New light on just how massive a star can become has been shed by a paper published this week in the Monthly Notices of the Royal Astronomical Society...
Stars come with a huge range of masses, ranging from the smallest brown dwarf stars, which have less than a tenth as much gas as our own Sun, to giant stars like Betelgeuse, with masses of twenty times that of the Sun.
But theorists who work on modelling the processes by which gas clouds can collapse down to form stars believe that there are hard limits to the lowest and highest masses that a star can have.
If a star has less than a twentieth the mass of the Sun, its core never becomes hot enough for to start nuclear fusion, the process which powers stars. What is formed resembles a gas giant planet like Jupiter, rather than a star that produces its own light.
At the opposite end of the mass spectrum, if a gas cloud has more than 150 times the mass of the Sun, it cannot gravitationally collapse to form a star. So much gravitational energy would be released in the process that the protostar would begin pulsating violently enough to rip the whole cloud apart.
However, a study in 2010 cast these theoretical models into some doubt.

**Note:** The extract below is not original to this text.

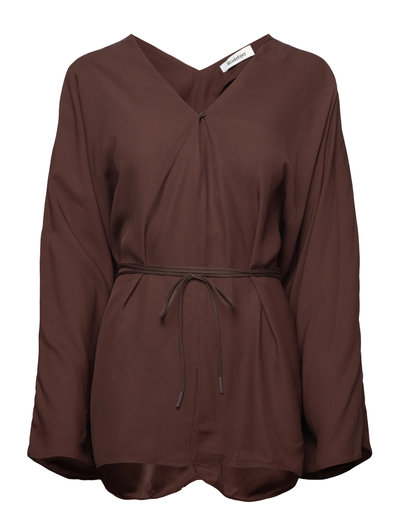 Med sin avslappede silhuett har denne toppen en flatterende V-hals og et knytebelte for en justerbar passform. De lange ermene bidrar til det elegante fallet, noe som gjør den til et allsidig plagg for ulike anledninger.

A group at the University of Bonn led by Sambaran Banerjee studied a star-forming region called the Tarantula Nebula, in a nearby dwarf galaxy called the Large Magellanic Cloud. Inside the region, they spotted four stars which they calculated to have masses of 400 times that of the Sun. This is over twice as large as the theoretical studies say it is possible to form.
But a follow-up paper, published by the same team in the Monthly Notices of the Royal Astronomical Society last week, finds that these stars may be easier to explain than previously thought. They built a computational model of the evolution of the Tarantula Nebula over time, modelling the way in which its stars move over time in each other's gravitational fields.
Because this is one of the most active star-forming regions in our Local Group of galaxies, Sambaran's team found that it was quite likely that some of its stars collide from time to time, subsequently merging to form more massive stars. Thus it is quite possible that, even if stars cannot form with masses over 150 solar masses, high mass stars can merge together later in life to form even more massive objects.
This is good news to the theorists who try to model star formation, who are no longer faced with the puzzle of explaining how to form stars that their models say should destroy themselves before they have time to form.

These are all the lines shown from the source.